* TASK PROMPT *
Will you return, word for word, only the lines from the top of the data below down to and including the one with "闵行区闵行新城MHPO-01"?

**** INFORMATION PROVIDED ****

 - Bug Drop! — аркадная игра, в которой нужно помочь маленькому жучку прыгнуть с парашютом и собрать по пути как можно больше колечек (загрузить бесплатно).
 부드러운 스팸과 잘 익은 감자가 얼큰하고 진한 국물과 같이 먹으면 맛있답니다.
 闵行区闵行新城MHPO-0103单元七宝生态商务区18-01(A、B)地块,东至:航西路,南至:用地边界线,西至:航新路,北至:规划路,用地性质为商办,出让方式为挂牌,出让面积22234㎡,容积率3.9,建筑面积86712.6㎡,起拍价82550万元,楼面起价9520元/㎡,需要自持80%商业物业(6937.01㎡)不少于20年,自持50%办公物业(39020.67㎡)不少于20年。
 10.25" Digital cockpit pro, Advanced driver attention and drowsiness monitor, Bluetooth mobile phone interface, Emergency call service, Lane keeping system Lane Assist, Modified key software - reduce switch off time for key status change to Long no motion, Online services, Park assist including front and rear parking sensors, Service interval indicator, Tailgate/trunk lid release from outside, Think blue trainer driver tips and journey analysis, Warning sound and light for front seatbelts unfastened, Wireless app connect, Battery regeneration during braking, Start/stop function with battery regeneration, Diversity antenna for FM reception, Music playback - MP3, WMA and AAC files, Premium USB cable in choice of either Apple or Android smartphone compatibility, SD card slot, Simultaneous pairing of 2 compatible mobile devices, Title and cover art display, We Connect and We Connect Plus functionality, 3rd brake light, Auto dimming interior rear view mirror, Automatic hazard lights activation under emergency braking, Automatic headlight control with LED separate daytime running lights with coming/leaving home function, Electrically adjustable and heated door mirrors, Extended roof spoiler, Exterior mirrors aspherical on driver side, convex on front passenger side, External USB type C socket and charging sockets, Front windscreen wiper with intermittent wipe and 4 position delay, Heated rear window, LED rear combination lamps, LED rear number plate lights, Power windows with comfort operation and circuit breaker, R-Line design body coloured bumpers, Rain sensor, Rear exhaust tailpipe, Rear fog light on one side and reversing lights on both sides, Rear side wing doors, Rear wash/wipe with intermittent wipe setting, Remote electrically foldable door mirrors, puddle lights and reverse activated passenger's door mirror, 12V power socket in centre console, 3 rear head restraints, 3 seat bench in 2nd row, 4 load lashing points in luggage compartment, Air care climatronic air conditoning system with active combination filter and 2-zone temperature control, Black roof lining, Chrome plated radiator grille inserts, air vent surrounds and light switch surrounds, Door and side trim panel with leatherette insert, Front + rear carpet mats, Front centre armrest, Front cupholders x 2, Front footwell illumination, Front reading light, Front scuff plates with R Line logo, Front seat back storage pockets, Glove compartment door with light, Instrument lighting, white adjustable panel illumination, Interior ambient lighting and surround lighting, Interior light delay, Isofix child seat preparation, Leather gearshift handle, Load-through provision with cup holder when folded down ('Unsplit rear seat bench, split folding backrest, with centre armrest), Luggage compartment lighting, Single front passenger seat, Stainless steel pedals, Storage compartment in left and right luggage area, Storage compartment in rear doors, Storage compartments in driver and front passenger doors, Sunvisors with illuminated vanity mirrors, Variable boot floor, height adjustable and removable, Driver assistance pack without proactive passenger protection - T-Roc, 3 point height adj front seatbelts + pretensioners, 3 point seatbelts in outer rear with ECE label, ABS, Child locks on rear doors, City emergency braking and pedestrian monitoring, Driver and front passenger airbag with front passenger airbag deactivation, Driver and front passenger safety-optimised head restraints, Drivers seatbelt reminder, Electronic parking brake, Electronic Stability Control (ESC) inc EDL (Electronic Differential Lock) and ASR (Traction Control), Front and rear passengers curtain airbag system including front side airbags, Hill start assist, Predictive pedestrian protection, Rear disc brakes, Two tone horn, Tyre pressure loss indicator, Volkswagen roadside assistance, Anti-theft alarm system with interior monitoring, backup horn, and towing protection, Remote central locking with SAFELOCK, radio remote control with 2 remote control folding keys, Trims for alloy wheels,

****

* REPLY *
 - Bug Drop! — аркадная игра, в которой нужно помочь маленькому жучку прыгнуть с парашютом и собрать по пути как можно больше колечек (загрузить бесплатно).
 부드러운 스팸과 잘 익은 감자가 얼큰하고 진한 국물과 같이 먹으면 맛있답니다.
 闵行区闵行新城MHPO-0103单元七宝生态商务区18-01(A、B)地块,东至:航西路,南至:用地边界线,西至:航新路,北至:规划路,用地性质为商办,出让方式为挂牌,出让面积22234㎡,容积率3.9,建筑面积86712.6㎡,起拍价82550万元,楼面起价9520元/㎡,需要自持80%商业物业(6937.01㎡)不少于20年,自持50%办公物业(39020.67㎡)不少于20年。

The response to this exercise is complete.